Transition metal-nitrogen-carbon (M-N-C) catalysts have emerged as promising candidates for electrocatalytic CO 2 reduction reaction (CO 2 RR) due to their uniform active sites and high atomic utilization rate. However, poor efficiency at low overpotentials and unclear reaction mechanisms limit the application of M-N-C catalysts. In this study, Fe-N-C catalysts are developed by incorporating S atoms onto ordered hierarchical porous carbon substrates with a molecular iron thiophenoporphyrin. The well-prepared FeSNC catalyst exhibits superior CO 2 RR activity and stability, attributes to an optimized electronic environment, and enhances the adsorption of reaction intermediates. It displays the highest CO selectivity of 94.0% at -0.58 V (versus the reversible hydrogen electrode (RHE)) and achieves the highest partial current density of 13.64 mA cm -2 at -0.88 V. Furthermore, when employed as the cathode in a Zn-CO 2 battery, FeSNC achieves a high-power density of 1.19 mW cm -2 and stable charge-discharge cycles.

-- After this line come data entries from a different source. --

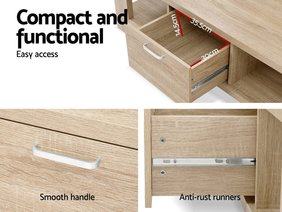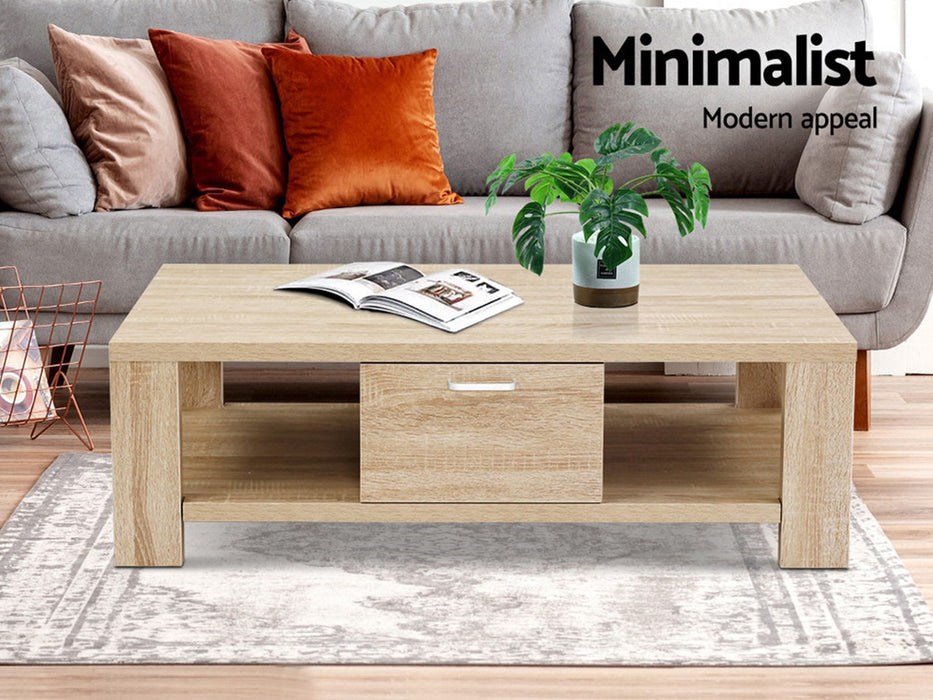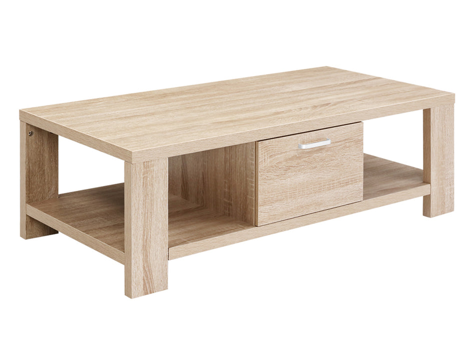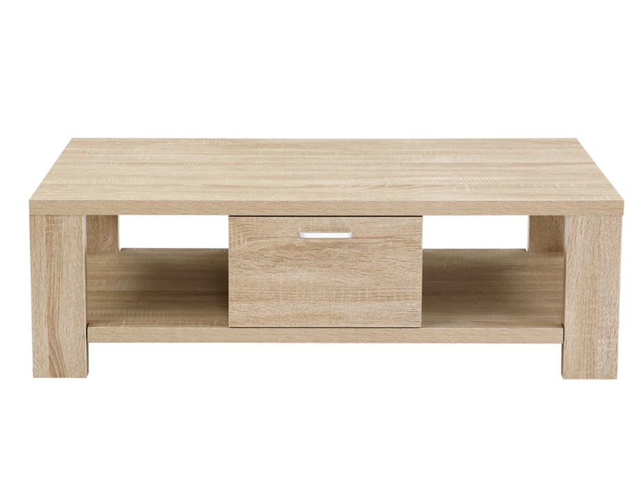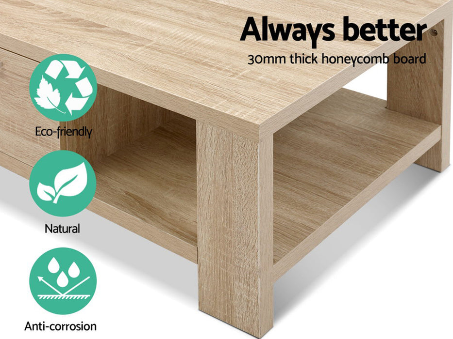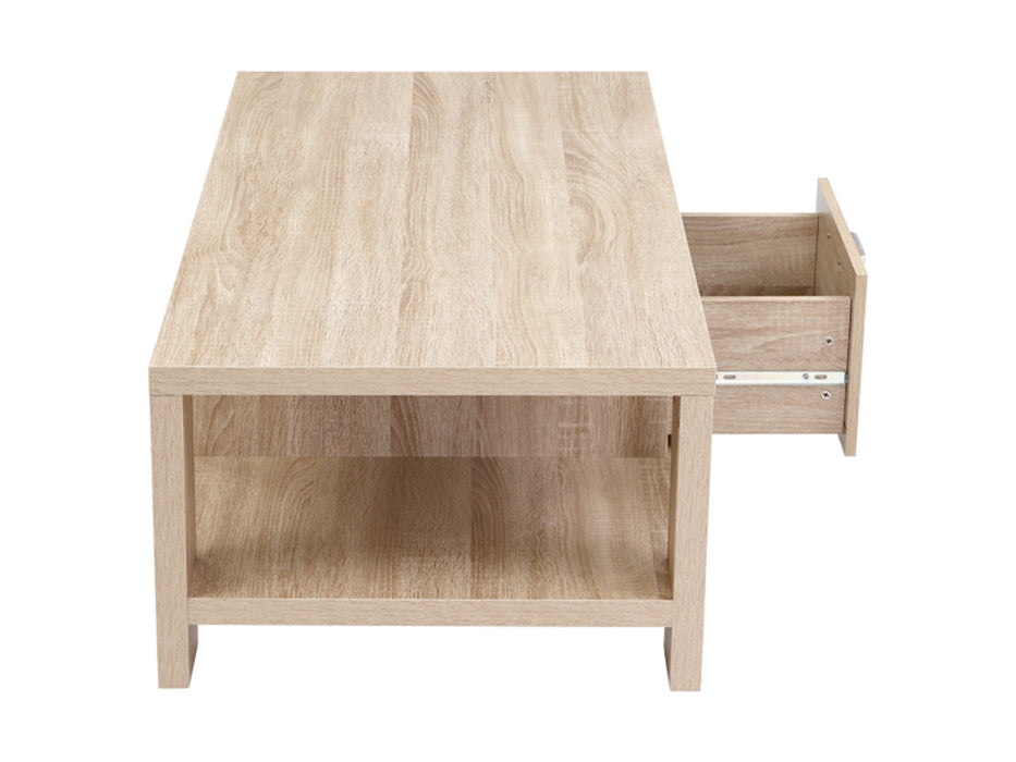 Keep all your books, magazines, remote controls and other entertainment paraphernalia from cluttering up your living room with our Bronson Coffee Table. Incorporating a contemporary design and presented with durable and strong 30mm thick honeycomb board and 15mm thick particle board with beautiful natural woodgrain finish, our coffee table displays great craftsmanship with equally fine hardware to ensure trouble-free use every time. It has open side shelves and one large central drawer with a sleek handle and anti-rust runners that allow you to always have easy access to all your necessities. The simple and linear design means that the table will suit any décor and be the perfect addition to your modern living room. Better still, you can also match with other products from the Bronson series for the complete simple-natural look.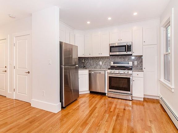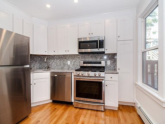 No detail has been overlooked in this renovated Eagle Hill one bedroom with in unit laundry and ample outdoor space! Brand new open concept kitchen features Samsung stainless appliances, granite countertop with full backsplash and white shaker cabinets opening to a light-filled living room/dining area featuring hardwood flooring and access to private deck. A large sunny bedroom provides great closet storage and built-ins. A large fenced yard features a brick patio for grilling and plenty of garden space. Additional basement storage available. The property is an Eagle Hill showpiece with a historically renovated facade and notable detail. Just a short walk to Airport T Station on the Blue Line. Enjoy the tree lined streets, pocket parks and neighborhood restaurants all within a few blocks. First, last, security, broker fee, income verification and excellent credit required.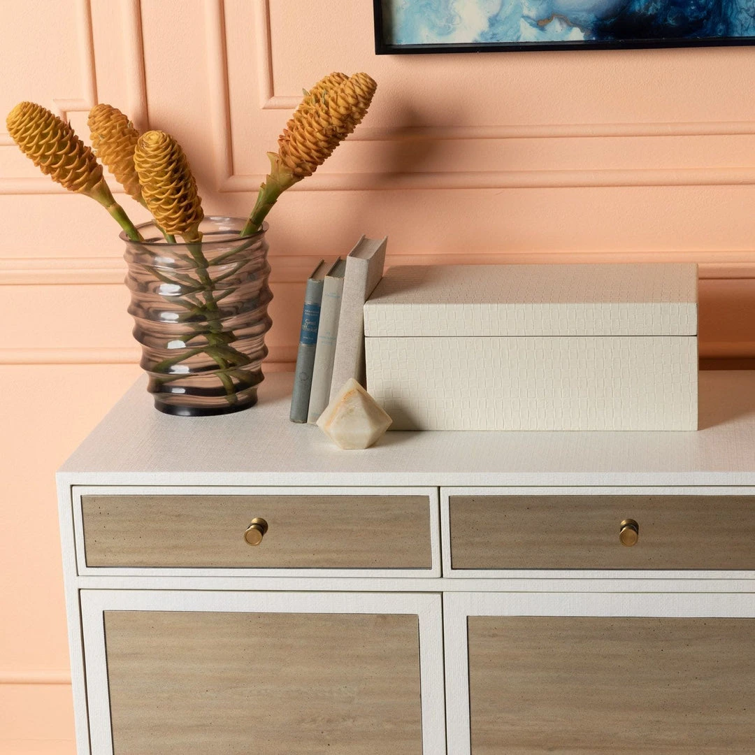 This semitransparent Hetty Vase in Smoke from Made Goods has ridges that beautifully filter light through it. The Hetty’s subtle yet unique color is designed to complement well-designed palettes. Perfect given as a gift or to add beauty and style to your own space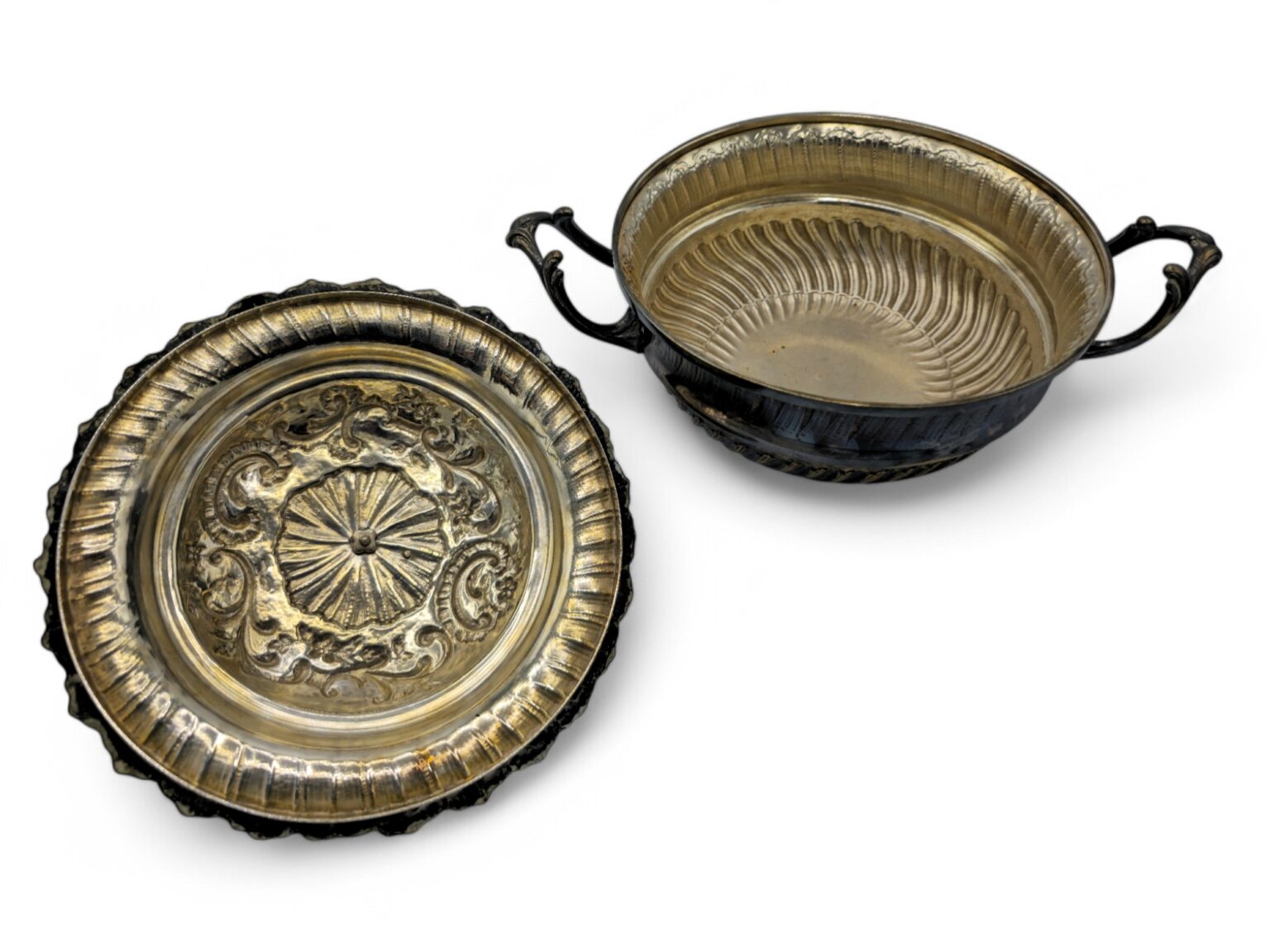 Anoniem, Paar groenteschalen, verzilverd metaal, 29 x 15 cm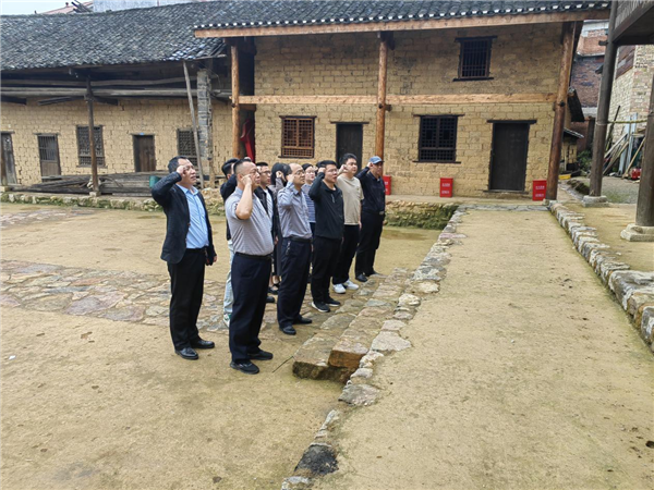 圖:市委第一巡察組臨時黨支部在袁國平故居重溫入黨誓詞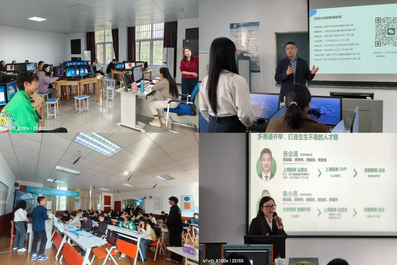 本次参会企业有深圳慧通、上海添健、上海链家、黄山壹贰叁农科文化创意有限公司、安徽邻几、宁波亚虎、安徽秀盟、安徽大森律师事务所等八家企业,提供与学院专业紧密相关岗位200余个。招聘会上,企业激情宣讲,让毕业生快速了解就业市场和公司环境,学生携带个人简历,与HR亲切交谈,了解用人单位需求,有的还进行了现场面试,现场气氛热烈。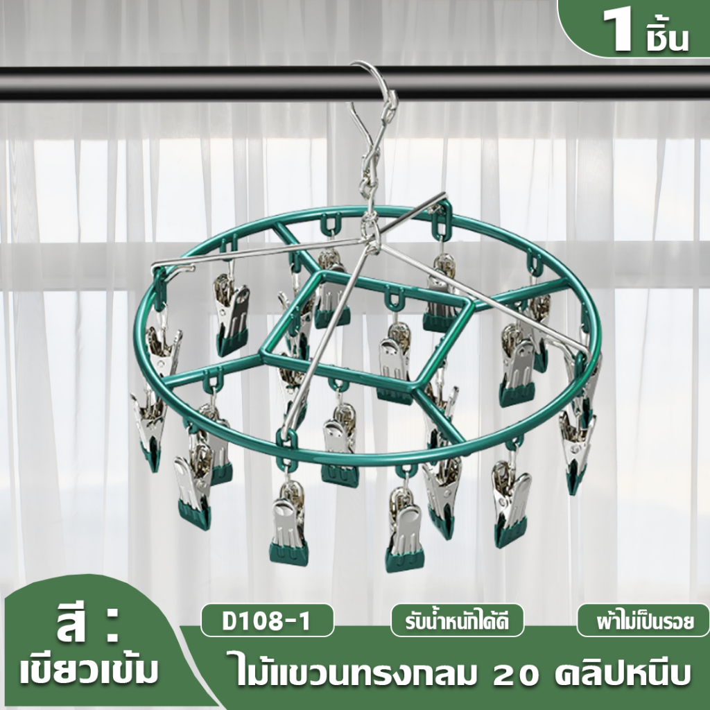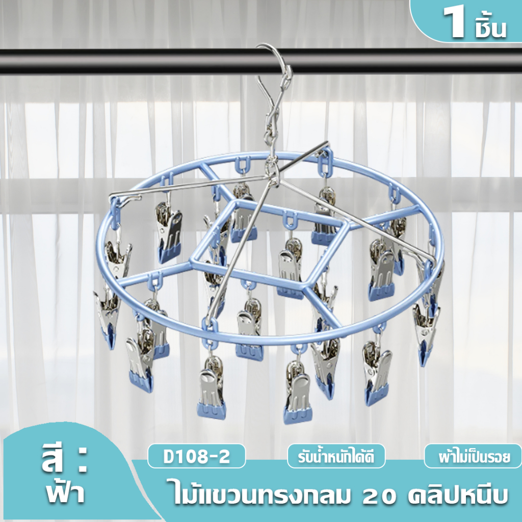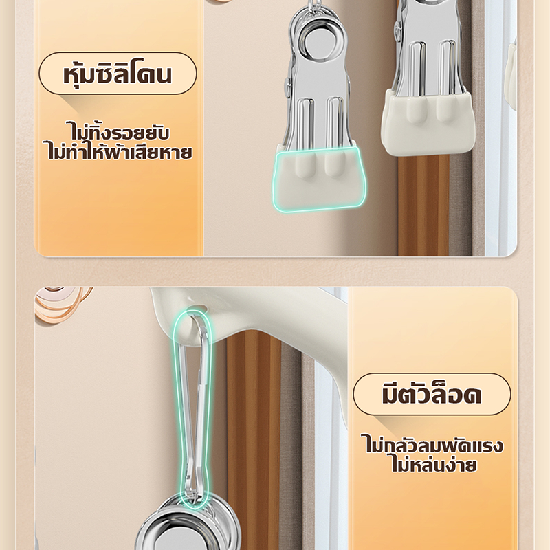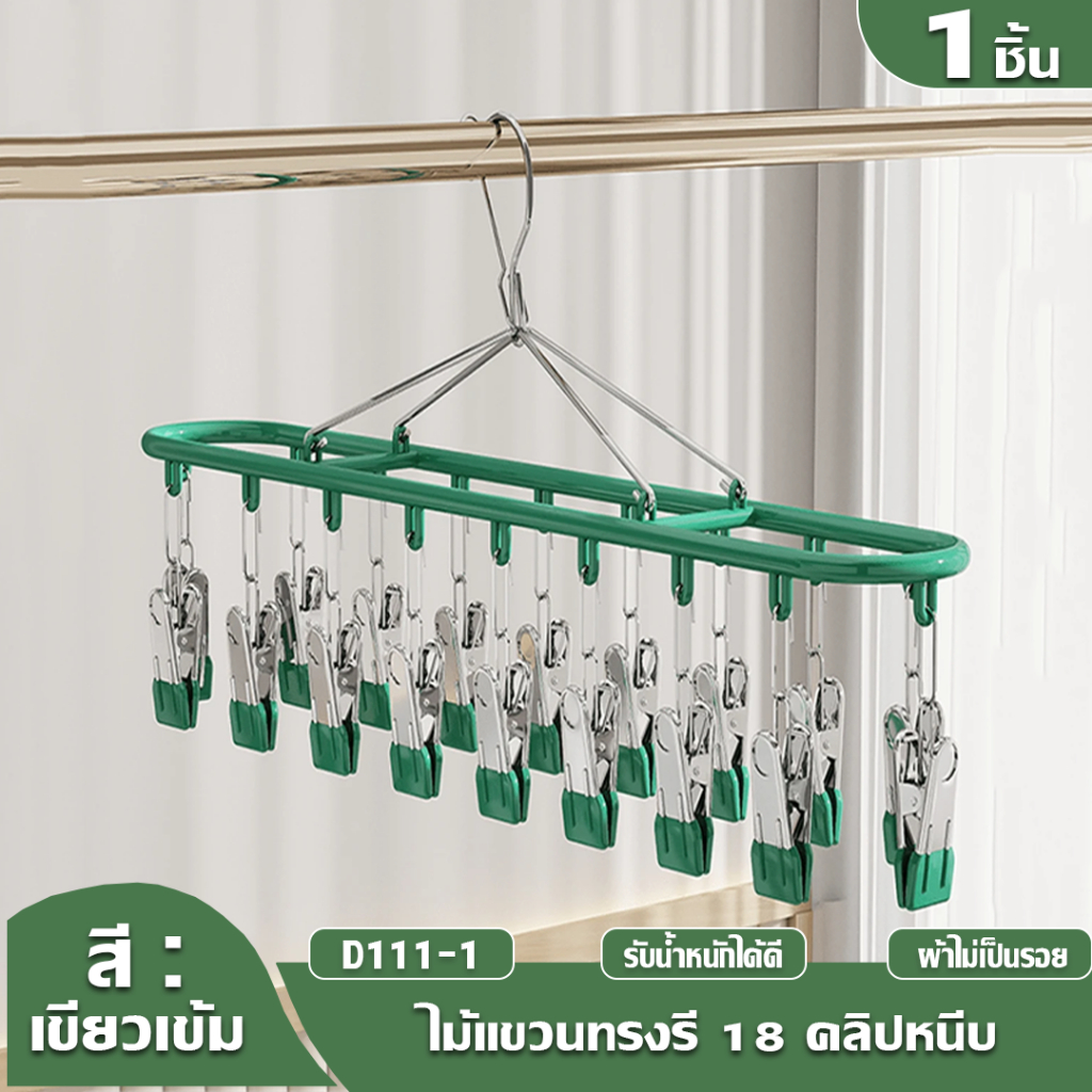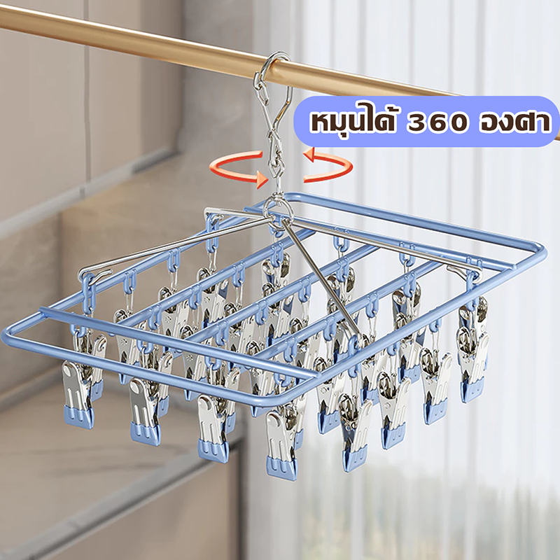 HOPTECH ห่วงแขวนเสื้อผ้า สเเตนเลสเคลื อบซิลิโคน ป้องกันสนิม แบบสี่เหลี่ยม 18/20/28 ตัวหนีบ

Density functional theory calculations demonstrate that the incorporation of S atoms into the hierarchical porous carbon substrate led to the iron center becoming more electron-rich, consequently improving the adsorption of the crucial reaction intermediate *COOH. This study underscores the significance of hierarchical porous structures and heteroatom doping for advancing electrocatalytic CO 2 RR and energy storage technologies.